KIGALI, Rwanda — If you’re tapped in to the internet, Twitter, Hollywood, or just generally following what’s happening in the world, there’s little chance you won’t hear of the extraordinary developments in the global fight against malaria.

Former U.S. Secretary of State Colin Powell, Bill Gates and Queen Rania of Jordan together with Ashton Kutcher and other celebrities have launched a Twitter campaign to end malaria deaths. Also, the television juggernaut “American Idol” dedicated a portion of its "Idol Gives Back" fundraiser to the fight against the disease. This isn’t about glitz and glamour; it’s about a parasite that for millennia has devastated humanity.

Even HBO’s new series “The Pacific” depicts the enormous toll malaria took on our troops during World War II. That wasn’t so long ago, so why the sudden ramp-up in the battle against the disease today?
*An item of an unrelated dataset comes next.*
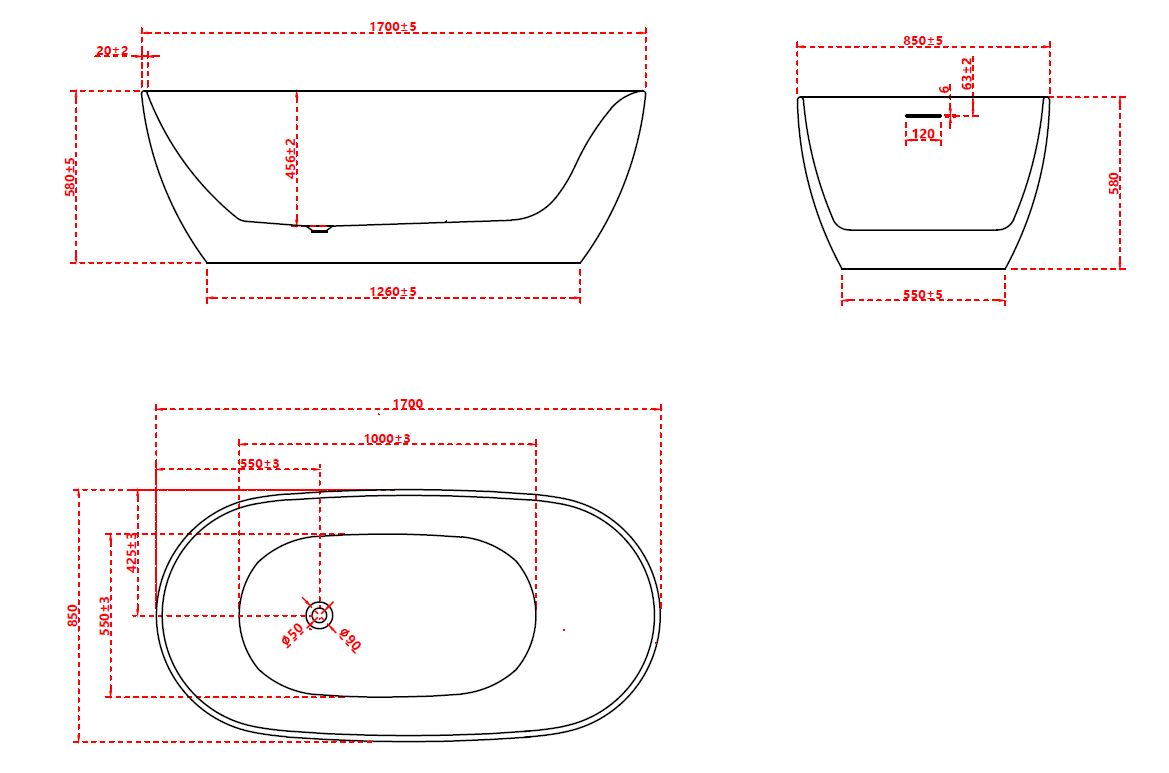 Ванна акриловая отдельностоящая Vincea 170х80 см VBT-601-1700

It’s not simply because malaria is a top childhood killer and because by distributing tens of millions more mosquito nets we’ll save millions of lives and drive GDP in some of the poorest countries up by about $80 billion. It’s because we can do it and there are simply no more excuses.

At the beginning of this new millennium, global leaders decided that — finally — it was time to tackle killers for which we had the technologies to make real progress. The highest-profile of these is, of course, AIDS. In spite of the costs, global commitments flowed in, allowing unprecedented program build out to prevent AIDS and millions to receive life-saving drugs — at costs up to $600 per person, per year a decade ago.

Malaria always made it into the buzz words of what we’d tackle, too: AIDS, tuberculosis and malaria became the new battle cry for public health activists. But somehow, funding needs for malaria and the effort to vanquish the disease never received the attention or publicity that it warranted.

The challenge, in part, is that historically, we have made big pushes against malaria only to see it come back with a vengeance. Malaria came to be viewed, particularly in Sub-Saharan Africa, as somehow unconquerable. The parasite quickly developed resistance to new treatments, and soon after, epidemics would once more rage. But, with better technology, we started to gain traction against this beast of a disease. In just the past few years, 25 countries have cut their malarial deaths by 50 percent. I’m lucky to live in one of the places where extraordinary success has been realized.

Here in Rwanda in 2006, health centers were loaded with adults and children, feverish and deathly ill with malaria. Over 450,000 cases of malaria were registered that year in children under the age of 5 — that’s in a population of just over 10 million. Put simply, nearly everyone was sick with malaria (my wife and I were hit with it twice that year). But in came millions of nets — insecticide-treated nets that actually kill mosquitoes (think of it as a bug zapper without the electricity) — and rates dropped precipitously. By 2008, there were only about 25,000 kids who tested positive for malaria nationally.

Over the last five years, we have experienced a similarly stunning decline in the number of deaths from malaria. The leading drug for treating malaria infection — artemisinin combination therapy — is now available at every single health facility in Rwanda. If someone gets sick with malaria, there’s no reason to suffer. Fighting malaria gathers momentum quickly: higher treatment rates combined with bed net utilization quickly lower the rate of malaria in the population. Total eradication remains tricky — that would require ecological changes as well — but we do know that there’s no reason for anyone to die or suffer from malaria today.

There’s a maintenance side to all of this, of course. When malaria cases drop, people tend not to be as religious about using their nets, which can in turn lead to resurgence. That’s why it’s so critical not to simply talk about the amazing results and progress we’ve achieved to date on World Malaria Day, but rather to keep talking about it.

Tweet it, Facebook it, blog about it, get the word out until the last death due to this horrible disease is only a memory. On that day, it will be time to start the process all over again, because this is a pernicious and crafty parasite. We must always remain vigilant in the fight and supportive of those working on public health’s front lines, lest Mother Nature catch us resting on our laurels.

Josh Ruxin is Assistant Clinical Professor of Public Health at the Mailman School of Public Health at Columbia University and Director of the Access Project in Rwanda.